どうだったかと聞いたとき「だいじょうぶです」「わかりました」という返事は要注意。楽しんでいない可能性がある。

・「精読クラスに比べて多読クラスでは、先生は何もしないで読ませている」と言われることがある。多読がいいと示すのは難しい→「たくさん読むことで読解力が上がっている」と宣伝する。実際に授業を見に来てもらう。最後にトークセッションをすることにより学生の方も効果を感じている。

・音声・聞き読みをなかなかしてくれない。聞きながら読むとわかるよと、低いレベルから聞き読みさせたい。文字を追って読むだけでなく、こんな読み方があるということを知らせたい。
→読み聞かせをしたら、中上級の学生でも、熱心に聞いてくれた。一度、読み聞かせをして、音声を聴きながら本を読む楽しさを伝えたらどうか。

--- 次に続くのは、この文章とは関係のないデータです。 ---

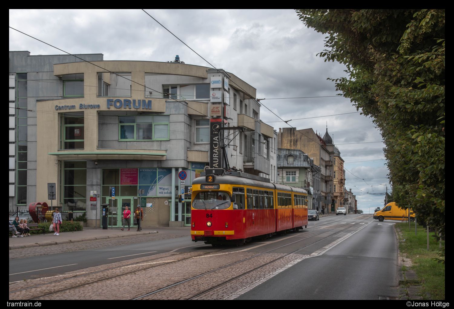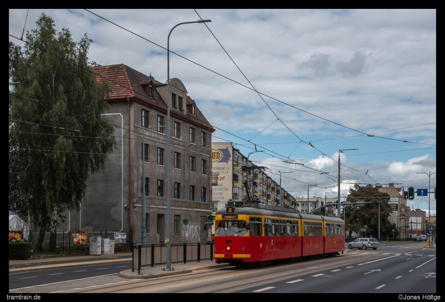 Duewag 84 war der erste Wagen, der mir nach der Betriebsstörung wieder fahrend begegnete. Hier gelang mir ein Bild des Wagens kurz vor der Station Al. 23 Stycznia. Die Farbe der Häuser passte hier hervorragend zur Farbe des Himmels. Grau in Grau mit dem einzigen wirklichen Farbstich durch den Wagen selbst.

→ちょっと読むのが遅くなったり、難しいと感じる上のレベルを、聞き読みしたら、わかりやすくなることを説明して、勧めたらどうか。読み手にとって難しいものはCDを聞くと、読み飛ばしができるようになる。

・多読は、音声については何もやらないのか。
→CDを聞いて、シャドーイングをする。ネイティブの音を体に染み込ませるために有効。多読と同時に多聴も重要。そしてたくさん話すことで話す力がつき、最後には書けるようになる。4技能はすべてつながったもの。
→シャドーイングは自分の家でもやってほしいが続かないのが悩み。英語多読では、30時間やると効果が出て、綺麗な音になるという報告がある。音を定着させるためにも大きい声でやってほしい。
→音が体に入ると、速く読めるようになる。

・貸出本の工夫 →「カード」を作り、貸出をする本に挟んでおく。カードには感想を書き込めるようにしてある。それを見て、「おもしろそうだ」と借りる学生、何も書いていないとつまらなさそうだと借りない学生もいる。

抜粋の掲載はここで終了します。